И вот этот контекст больших событий и очень мелких вещей и их соотношение сыграли для меня большую роль – может быть, это покажется странно или смешно, но вот что я нашел тогда в жизни, и свой масштаб в ней нашел тоже, потому что выдающимся хирургом я никогда не был и больших операций не делал, а вот это была жизнь и именно глубокая жизнь взаимных отношений.

Потом кончилась война и началась оккупация, я был во французском Сопротивлении три года, потом снова в армии, а потом занимался медицинской практикой до 1948 года. В Сопротивлении я ничего не делал интересного; это самая, можно сказать, позорная вещь в моей жизни, что я ни во время войны, ни во время Сопротивления ничего никогда не сделал специально интересного или специально героического. Когда меня демобилизовали, я решил вернуться в Париж и вернулся отчасти законно, а отчасти незаконно. Законно в том отношении, что я вернулся с бумагами, а незаконно потому, что я их сам написал. Было очень забавно. Мама и бабушка эвакуировались в окрестности Лиможа, и когда меня демобилизовали, я демобилизовался в лагерь РСХД в По – надо было куда-то ехать. Я попал туда и стал разыскивать маму и бабушку, я знал, что они где-то тут, до меня дошло письмо, которое они мне писали месяца за три до этого, оно путешествовало по всем армейским инстанциям. И я их обнаружил в маленькой деревне; мама была больна, бабушка была немолода, и я решил, что мы вернемся в Париж и посмотрим, что там можно делать. Первой моей мыслью было перебраться во France Libre{100}, но это оказалось невозможным, потому что к тому времени Пиренеи были блокированы. Может быть, кто-нибудь более предприимчивый и пробрался бы, но я не пробрался.

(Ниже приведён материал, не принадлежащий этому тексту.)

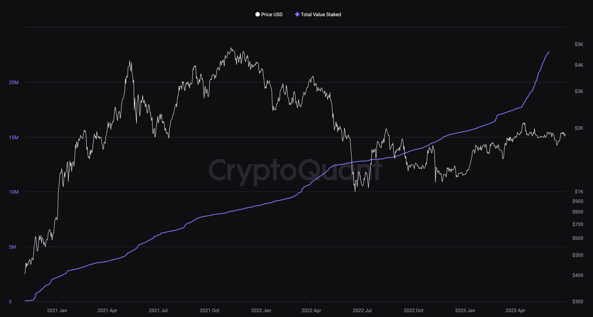 Staked ETH hit the 20m milestone, doubling since the start of year. Staked ETH makes up roughly 16% of the total 120.2 million ETH in circulation. This is still well below the average of around 60% of the top 20 PoS networks.1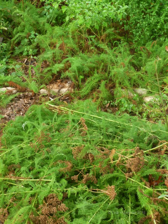 Yarrow’s flower-to-seed heads beauty doesn’t last forever, though. Typically, by the time the flowers are long done and the seed heads are crumbling, the bloom stalks are also bent with age and environmental impacts. After all, they’ve held aloft sweet blooms and nutty seeds for many to enjoy through spring thunder and wind storms and searing summer sun. Bottom line: Yarrow is messy by late summer.

Мы доехали до какой-то деревни недалеко от демаркационной линии оккупированной зоны, и я пошел в мэрию. Тогда на мне была полная военная форма, кроме куртки, которую я купил, чтобы спрятать под ней как можно больше военного обмундирования, и я отправился к мэру объяснить, что мне нужен пропуск. Он мне говорит: «Вы знаете, это невозможно, боюсь, меня расстреляют за это». Никому не разрешалось переходить демаркационную линию без немецкого пропуска. Я уговаривал его, уговаривал, наконец он мне сказал: «Знаете, что мы сделаем: я здесь, на столе, положу бумаги, которые надо заполнить; вот здесь лежит печать мэрии, вы возьмите, поставьте печать – и украдите бумаги. Если вас арестуют, я на вас же скажу, что вы их у меня украли». А это все, что мне было нужно, мне бумаги были нужны, а если словили бы, его и спрашивать не стали бы, все равно посадили бы. Я заполнил эти бумаги, и мы проехали линию, это тоже было очень забавно. Мы ехали в разных вагонах – мама, бабушка и я – не из конспирации, а просто мест не было, и в моем купе были четыре французские старушки, которые дрожали со страху, потому что были уверены, что немцы их на кусочки разорвут, и совершенно пьяный французский солдат, который все кричал, что вот, появись немец, он его – бум-бум-бум! – сразу убьет. И старушки себе представляли: войдет немецкий контроль, солдат закричит, и нас всех за это расстреляют. Ну, я с некоторой опаской ехал, потому что, кроме этой куртки, на мне все было военное, а военным не разрешалось въезжать – вернее, разрешалось, но их сразу отбирали в лагеря военнопленных. Я решил, что надо как-то так встать, чтобы контроль не видел меня ниже плеча, поэтому я своим спутникам предложил, ввиду того что я говорю по-немецки, чтобы они мне дали свои паспорта, и я буду разговаривать с контролем. И когда вошел немецкий офицер, я вскочил, встал к нему вплотную, почти прижался к нему так, чтобы он ничего не мог видеть, кроме моей куртки, дал ему бумаги, все объяснил, он меня еще за это поблагодарил, спросил, почему я говорю по-немецки, – ну, культурный человек, учился в школе, из всех языков выбрал немецкий (что было правдой, а выбрал-то я его потому, что уже его знал и потому надеялся, что работать надо будет меньше, но это дело другое). И так мы проехали.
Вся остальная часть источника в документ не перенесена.